"There is no word for nostalgia in Gujarati. The closest concept I can find is that of vatan, or homeland," mulls author Neema Avashia. "As in: many of the Gujarati immigrants of my parents' generation operated under a narrative that someday, they would return to their vatan."
But for Avashia, as well as myself and many brown children of immigrants in the West, what is our vatan?
The Boston educator and author is astutely aware that her identity, one that is queer and Indian, is not typical of her vatan, West Virginia — a state whose total non-white population has never exceeded 5 percent, the lowest in the nation, and whose Indian population has made up less than 0.5 percent of the population.
When I first picked up this book, I wasn't sure how much Avashia and I would have in common. But in every essay, you, the reader, are not a distanced observer of those people and places involved in Avashia's "Indolachian'' upbringing. Rather, it's the first night of Navratri in 1982, and you are wearing your finest silk sari, dancing in a garba ring alongside Avashia and the eight desi women who have raised her in someone's basement. You are flying down the winding roads of Goff Mountain in your neighbor-turned-stand-in-grandparent Mr. Bradford's red Jeep Cherokee after basketball practice. But, you are also scrolling through Mr. B's Facebook page years later, after the 2016 election, confused and queasy by his erratic 3 a.m. anti-woman, anti-immigrant, and anti-Black Lives Matter posts.
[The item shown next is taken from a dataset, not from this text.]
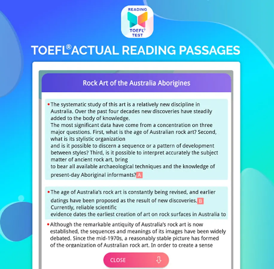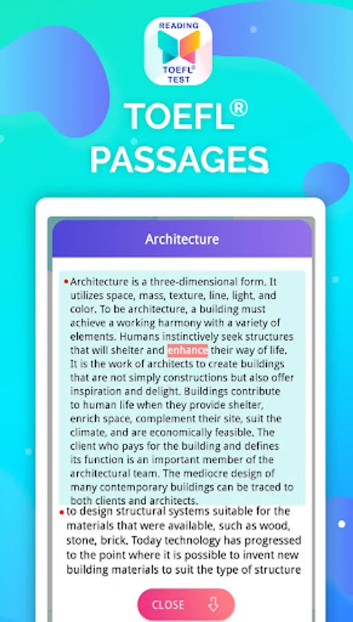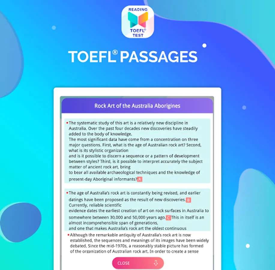 TOEFL® Reading Test app makes it easy to improve TOEFL® Reading score for its users who aiming for a high score in TOEFL® Reading. With TOEFL® Reading Test app, you can study for FREE with our questions, practice tests, vocabulary, and score reports with solutions. Best of all, you can access these features anywhere and anytime when you download our app.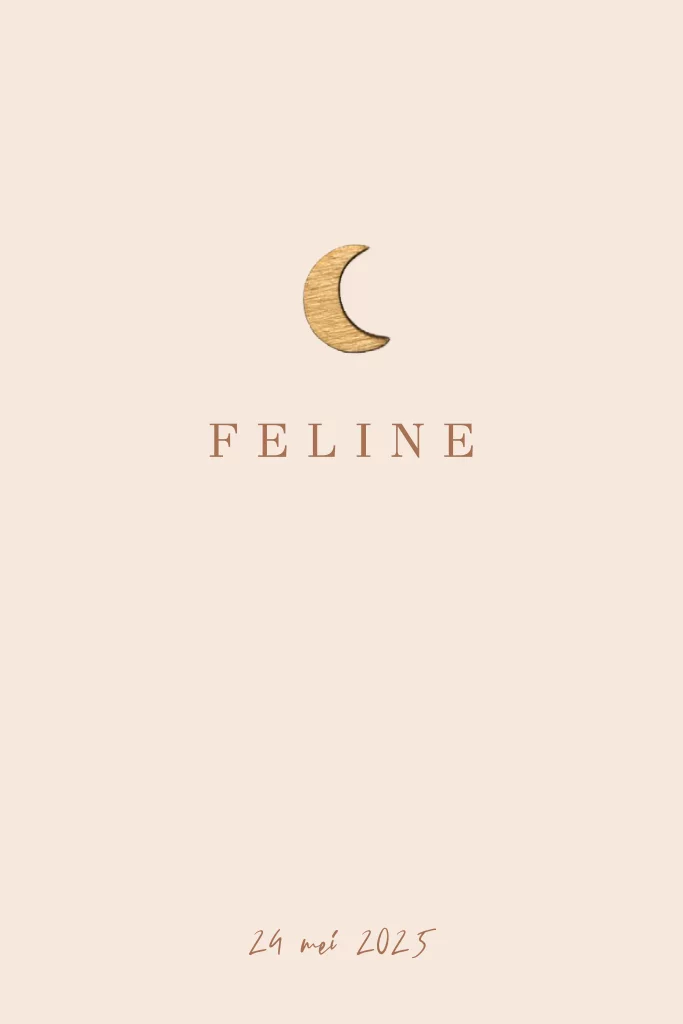 Minimalistisch geboortekaartje meisje met houten maantje

This is the power and incredible feat of Avashia's writing. Sharp, intimate, and provocative, “Another Appalachia” is written as if you're simultaneously having a conversation with a close friend and learning a lesson from a gentle but firm educator, painting a nuanced picture of the West Virginia that raised her.
“Another Appalachia” is the diaspora story that I have craved for years. Avashia’s, and my, relationship to our home is complicated, confusing, sometimes fraught. But, like our parents, we too dream of returning.